• **Task**: Wherever an image appears in the data, omit it and copy all the remaining text word for word.

• **Data shown**:
------------------------------------------------------------

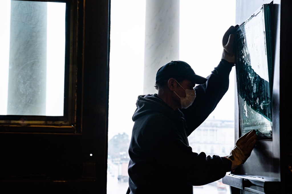 Nhân viên đang sửa chữa bên trong Điện Capitol ngay trước phiên xử luận tội. Ảnh: New York Times.
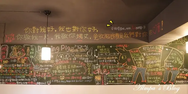 環顧四週可愛逗趣的黑板塗鴉~穿著網襪高跟鞋的豬小姐出沒!!
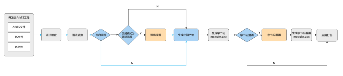 混淆过程中,首先读取混淆开关。在开关开启的情况下,解析混淆配置文件,并依据混淆规则合并策略合并混淆规则。然后按照混淆规则对生成的abc文件进行字节码混淆,最后将混淆后的中间文件落盘至build目录。开发者可以通过build目录中混淆后的产物,确认混淆效果。
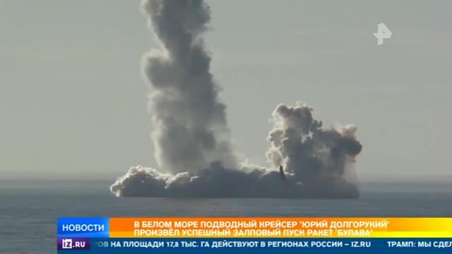 Российские военные осуществили залповый пуск баллистических ракет "Булава" с подводного крейсера "Юрий Долгорукий".

------------------------------------------------------------

• **Task solution**:
 Nhân viên đang sửa chữa bên trong Điện Capitol ngay trước phiên xử luận tội. Ảnh: New York Times.
 環顧四週可愛逗趣的黑板塗鴉~穿著網襪高跟鞋的豬小姐出沒!!
 混淆过程中,首先读取混淆开关。在开关开启的情况下,解析混淆配置文件,并依据混淆规则合并策略合并混淆规则。然后按照混淆规则对生成的abc文件进行字节码混淆,最后将混淆后的中间文件落盘至build目录。开发者可以通过build目录中混淆后的产物,确认混淆效果。
 Российские военные осуществили залповый пуск баллистических ракет "Булава" с подводного крейсера "Юрий Долгорукий".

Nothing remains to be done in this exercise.